It’s actually not just large fund of funds like CalPERS.
Andy Manoske

I’ve spent a lot of time on this topic this summer. Bottom line is the numbers are much uglier than presented here. About 40% of companies go to zero/zilch/nada. Another 30% return 0–2x. <5% of invested dollars return >10x, and those dollars need to hit ~30x in order to meet the 3x gross threshold. Two interesting takeaways:

  1. There are some General Partners whose investment record looks nothing like the above; instead, 10–20% of their invested capital returns >10x and 20–40% is in the 5–10x range; these are >>5x investors (lifetime!).

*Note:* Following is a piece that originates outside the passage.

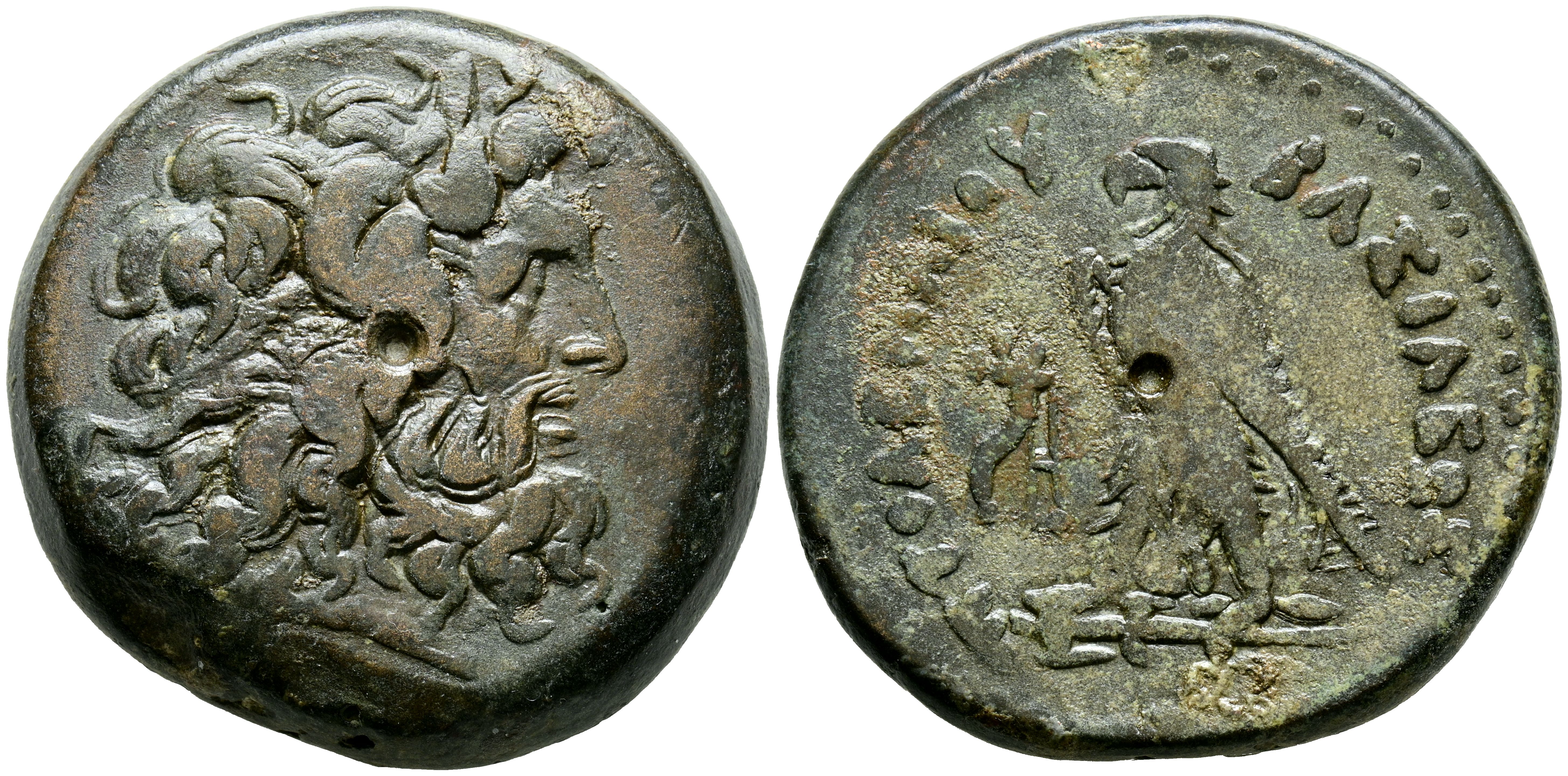 REINO PTOLEMAICO. Ptolomeo IV Philopator. Ae40. (Ae. 68,79g/40mm). 221-204 a.C. (Svoronos 1125; SNG Copenhagen 199). Anv: Cabeza laureada de Zeus a derecha. Rev: Aguila sobre rayo a izquierda, delante cornucopia, entre las patas AI, alrededor leyenda griega. MBC. Bonita pátina.

I’ll post about this down the road because it is truly contradictory to many fund of funds investment strategies and conventional venture thinking in general.
  2. Smaller funds don’t have enough shots on goal to guarantee 3x gross, so if you’re an LP investing in smaller funds, you must either have a multi-fund investment strategy or you must believe that there’s something special about your GPs (back to point #1).

So I agree with the overall premise of this post; at a high level, venture is a spray and pray game with larger funds spraying with larger hoses. But if you look closely enough at individual funds and individual investors, you’ll find that some disobey the typical power law returns distribution and if I was an LP, those are probably the funds that offer a better venture returns/risk ratio.